Let’s now try to find \(\delta^ \mathcal{L-1}_{t} \), which is basically just passing the gradient of the loss to the earlier RNN Layer.

\[\delta^ \mathcal{L-1}_{t} = \frac{\delta \mathcal{L}}{\delta \hat{y}_t} \frac{\delta \hat{y_t}}{\delta h_t}\]

Now we know :

\[\frac{\delta \hat{y}_t}{\delta h_t} = W_{y_t}^T \sigma_2'(z_{yt})\]

So finally,

\[\delta^ \mathcal{L-1}_{t}= [\delta_t^{Loss} . \space \sigma_2'(z_{yt})]W_{yt}\]

Gradient Rule for the RNN

How is RNN different from normal neural networks, if we are just using normal gradient descent?
The answer is simple, here we send the gradient of the hidden state back through time and its added on with the earlier gradients. Let’s see it mathematically.

We know,

\[h_t=\sigma_1(a_t^0W_h^T+h_{t-1}U_h^T+b_h)\]

Let \(a_t^0W_h^T+h_{t-1}U_h^T+b_h=K\), and then :

\[\frac{\delta h_t}{\delta h_{t-1}} = \frac{\delta}{\delta h_{t-1}}[\sigma_1(K)]\\ \frac{\delta h_t}{\delta h_{t-1}} = \sigma_1'(K) \cdot \frac{\delta K}{\delta h_{t-1}}\]

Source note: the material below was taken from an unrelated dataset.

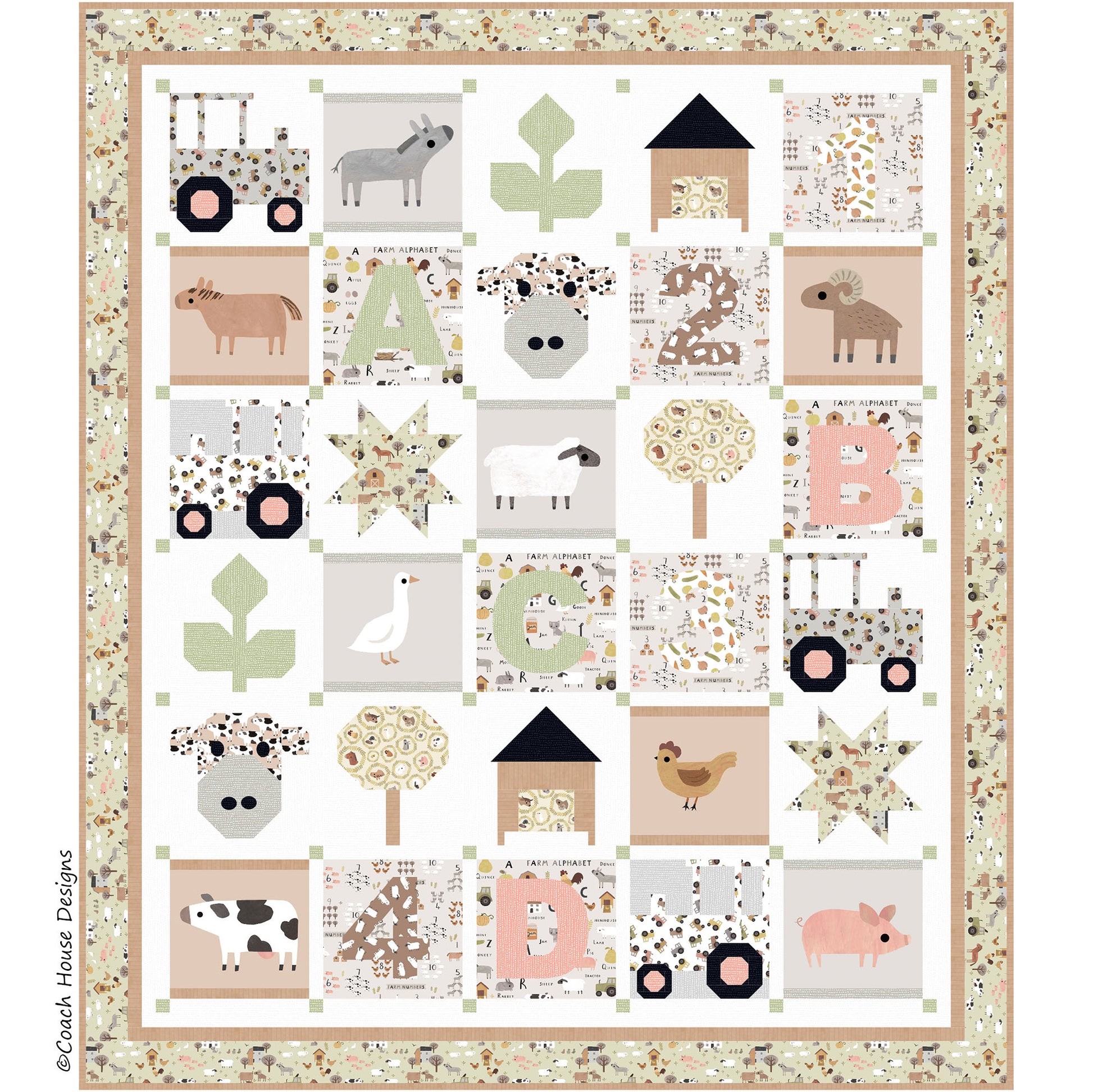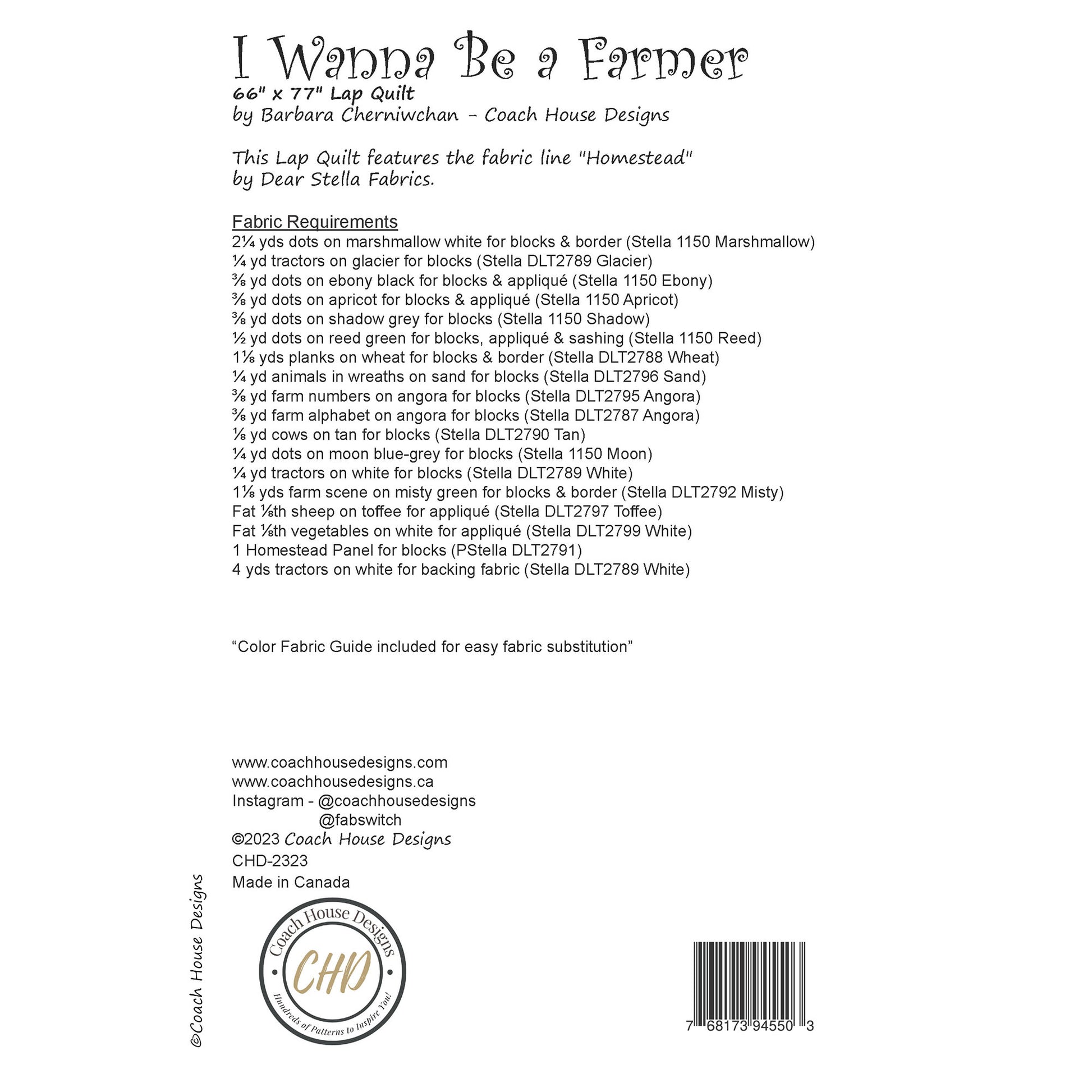 My pattern "I Wanna Be a Farmer" uses both the fabric and panels from the fabric line "Homestead" by Dear Stella Fabrics. It features a whimsical design, from adorable farm animals to all things farm life. The pattern uses both applique and piecing.

Now let’s try to find \(\frac{\delta K}{\delta h_{t-1}}\)

\[\frac{\delta K}{\delta h_{t-1}}=\frac{\delta (a_t^0W_h^T+h_{t-1}U_h^T+b_h)}{\delta h_{t-1}}\\ =U_h^T\]

After combining the results, we finally get :

\[\frac{\delta h_t}{\delta h_{t-1}} = \sigma'_1(K)U_h^T\]

This is the value that we send through the BPTT time steps, till we get to the first one. How we store the values, is by adding it to the earlier one. To get the previous step, we just need to add \(\frac{\delta h_{t-1}}{\delta h_{t-2}}\)to our earlier result.

This addition is repeated till \(t=0\), after which this sum variable is made to be 0.